Saturday, January 29, 2011

Brett Warnke's Providence Journal Review of Churchill's Secret War: The British Empire and the Ravaging of India During World War II


By Brett Warnke
(Published in Providence Journal Sept. 16, 2010)
CHURCHILL’S SECRET WAR: The British Empire and the Ravaging of India During World War II,
by Madhusree Mukerjee.
Basic Books. 319 pages. $29.95.

When Prime Minsiter Clement Attlee was asked what his predecessor Winston Churchill had done to win the war, Attlee coldly said, "Talk about it."
Churchill indeed talked about it in his own version of history. But he was more than talk. He enticed an isolated America ever closer to a European war. He also relished the role of the warrior poet. The enduring image of an undaunted bulldog lording over London's urban rubble -- the eloquent old scrapper enjoying his own tryst with destiny -- caught the heart of a generation.
The best polemic to burn off this mythical fog is "The Medals of His Defeats" by Christopher Hitchens, while perhaps the most interesting book (I haven't read Richard Toye's new "Churchill's Empire") is David Reynolds "In Command of History." These along with Madhusree Mukerjee's new book, "Churchill's Secret War," give the contemporary reader an unvarnished new view of the engineer of America's "special relationship."
Mukerjee has written a book about an appalling, little known famine in Bengal, which unfolded during the final hours of the British Raj. Mukerjee's book is not a polemic but a clearly written and well-researched study. She explores the incompetence and cruelty of the Raj, especially the divide-and-rule strategy (which sliced the subcontinent in two) and the engineered degeneration of India from breadbasket into basketcase.
What the reader learns is that Churchill was not only "irrational" about India (as his closest advisers repeat in their memoirs) but that he used disturbing, racist language when pushed on the subject of Britain's empire.

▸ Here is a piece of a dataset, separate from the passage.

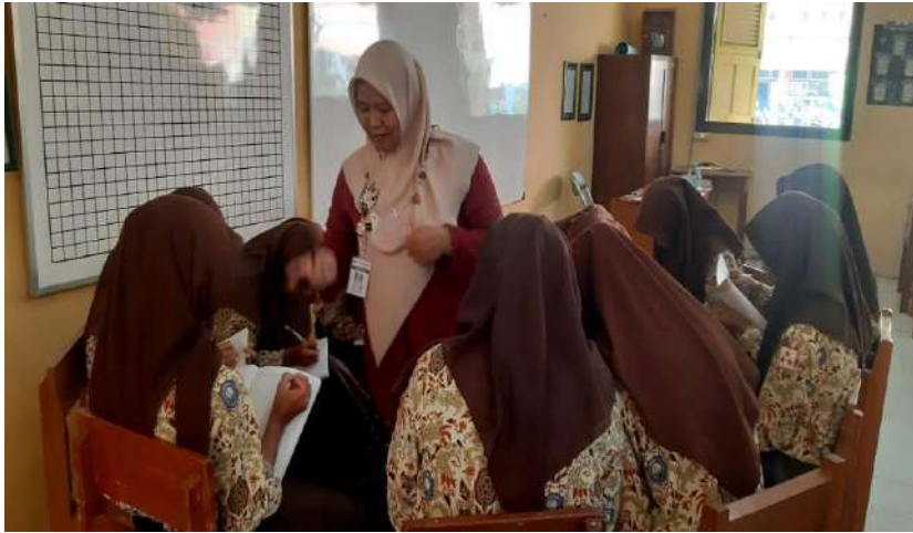
Gambar 16. Layanan bimbingan kelompok di SMK Negeri 1 Dukuhturi

Churchill allowed his nostalgia for a bygone empire, a reactionary quack like his nefarious adviser Lord Cherwell, and his own ego to shape policies that led directly to the starvation of millions of Bengalis.

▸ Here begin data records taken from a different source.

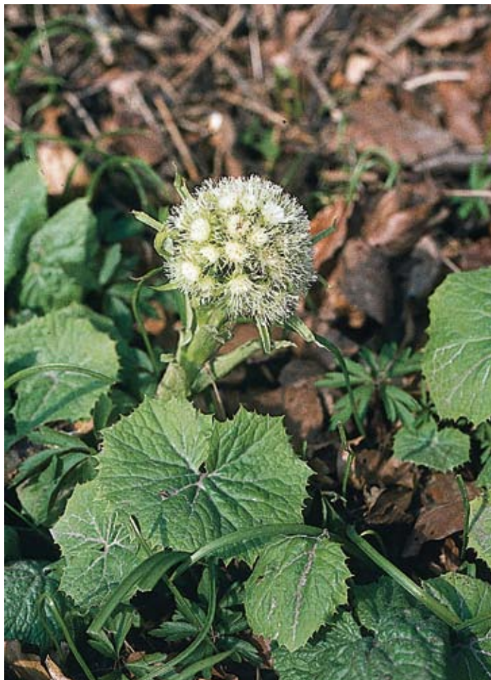
Figur 7. Vitskråp växer fortfarande vid Gunnaröd. Röstånga.

– Ononis spinosa ssp. arvensis – stallört
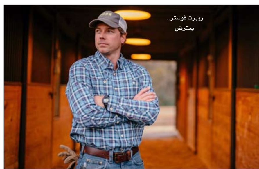
روبرت فوستر... يعترض

ميسيبي، بيل والر، أنه من "المنطق السليم" أن يرفض المرء الانسداد بامرأة ليست زوجته، "أعتقد أنه في هذه الأيام، المظاهر مهمة، والشفافية مهمة. هذه القاعدة، المستوحاة من النص ببلي غراهام، يتبعها أيضا نائب الرئيس الأمريكي مايك بينس. عام 2016، لخصت صحيفة إنديانا، التي كان حاكما لها، مقاربتة: «خلال السنوات الاثنتي عشرة التي قضاها في الكونغرس، كان لدى بنس قواعد لتفادي إغراءات الخيانة الزوجية، أو حتى شائعات عن وجود مخالفات. ومن بين قواعده: طلب أن يكون المساعدون الذين يعملون في وقت متأخر إلى جانبه، من الرجال، ولم يتناول طعامه بمفرده مع امرأة بخلاف زوجته، ولم يذهب إلى حفلة حيث يتم تقديم المشروبات الكحولية، إذا لم تصحبه كارين.»
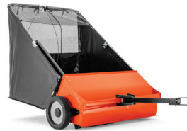
SWEEPER 582 71 99-01

With precision and detail, Mukerjee takes the reader from the cold numbers -- the millions of tons of grain exported out of India -- to the food-bare villages of 1943 Bengal. What unfolds in chapters like "In the Village" seems less history and more Cormac McCarthy as peasant families, half-wild with hunger, desperately and often hopelessly struggle to survive.

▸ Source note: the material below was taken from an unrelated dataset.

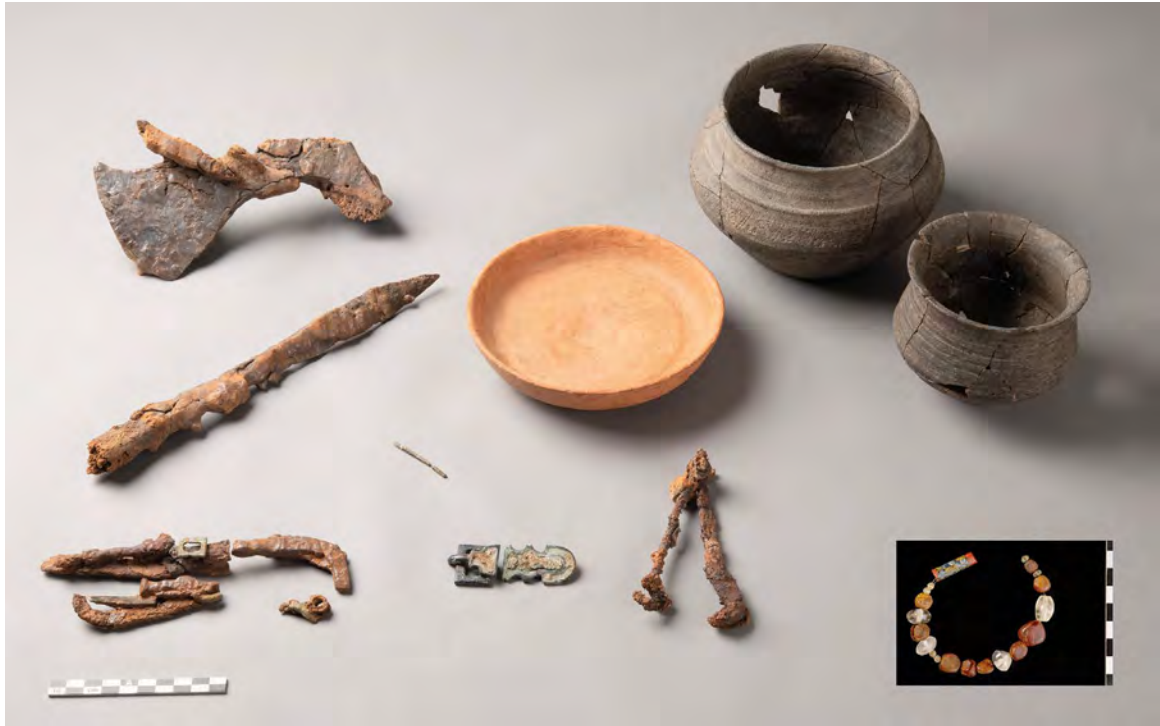
Figure 2. Mobilier de la tombe 137

Mukerjee writes with a careful hand, avoiding an easily dismissible rant and smartly allowing Churchill's closest advisors to color in the dark details. What the reader finds is a tale of deadly neglect and, Mukerjee would argue, intentional terror. She details the secret alliances, shady deals, imperial incompetence, and cynicism that led to hoarding and ultimately to catastrophe.